Kids are also, naturally, kids. Grant swoons after a spontaneous connection with a cute girl at a freshman dance; senior Gabe Townsell weeps after a surprising loss in a wrestling tournament; sophomore Tiara Oliphant and her girlfriends giggle and sing along to videos on their smartphones; and junior Ke’Shawn Kumsa exudes charisma and volatility as he plays class clown in teacher Jessica Stovall’s English class one moment and gets suspended for an on-campus fight the next. The heady, net effect is a 21st century American addendum to the kind of child-achievement observation found in Michael Apted’s milestone Up series. Only James’s miniseries inverts Apted’s formula (and, to an extent, turns his Hoop Dreams technique upside down), affording us infinite perspective on the society we’ve inherited by zooming in on a finite moment in these students’ lives.

Still, the commencement and conclusion of that school year serve as a narrative spine, and we take the leaps in the participants’ lives along with them. Junior Terrence Moore (Tiara Oliphant’s nephew) overcomes his learning disability well enough to see a path toward independence, and demonstrates an innate gift for mixed-medium artwork reflecting his love of hip-hop. Witty and wise junior Charles Donalson leads his slam-poetry squad to the finals of a regional tournament. Caroline Robling falls a bit shy of claiming a prestigious science award, but appears ready to recover from growing pains and experience true self-discovery. These aren’t spoilers, because there are no story lines or contrivances or conveniences taken. America to Me is, by James’s design, a mirror for how the world risks spinning without stopping to notice these kids’—or their parents and advocates’—place in it, as if they somehow weren’t the point.
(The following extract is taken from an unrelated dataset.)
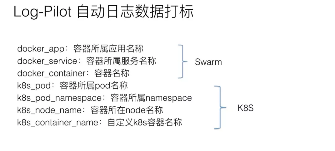 支持日志自动数据打标。log-pilot 在采集容器日志的时候,同时也会收集容器的元数据信息,包括容器的名称,容器所属的服务名称以及容器所属的应用名称,同时在 Kubernetes 里面也会采集容器所属的 Pod 信息,包括 Pod 的名称,Pod 所属的 namespace 以及 Pod 所在的节点信息。这样排查问题时,就可以很方便地知道这个日志是来源于哪个节点上的哪个应用容器。
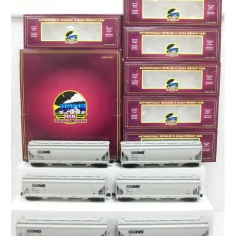 This is a MTH 20-90441 NS 6-Car 3-Bay Center flow Hopper Car Set. Many of the locomotives featured earlier in this catalog. They also go great with any manufacturer’s scale proportioned O Gauge locomotives. Each car in these sets is individually numbered for authentic realism. And, each set is available in two item numbers. The second item number features an entirely different set of 6 cars, each also individually numbered, allowing you to obtain a total of 12 different numbered cars if desired. When you prefer the convenience of a ready-to-run unit train, M.T.H. Premier Line 6-car sets are a great choice.

Ms. Stovall and a handful of featured grown-ups, including school board president Jackie Moore, are fearless in both their confrontational approach to systemic instrangience and candor during interviews. The intellectual remove and careerist calculation of so many school and community leaders (neither then–district superintendent Steven Isoye nor principal Nate Rouse agreed to be interviewed) is America to Me’s most dire warning. Informal powwows among teachers and documented committee meetings exemplify the degrees of disconnect between quasi-political appointees, their academic charges, and even the most well-intentioned educators themselves. (“I can’t fix that shit,” English teacher Paul Noble, who is white, says of students’ varied socioeconomic backgrounds, “but I know some of what’s happening is caused by us.”) The objective takeaway is that marginalized students’ ambitions can often be superseded and sabotaged by the careerism, fear, and slow-footedness of the adults designated to help.

America to Me lays bare adult biases and failures of accountability while giving a group of budding young adults agency to express the simultaneous indefatigableness and vulnerability of youth. Even if its initial airing wasn’t a unifying television event, America to Me beckons you on demand, because this oughta-be milestone’s most quintessentially American attribute is the fact that, of everything broadcast this year, it’s the most riveting binge watch of them all.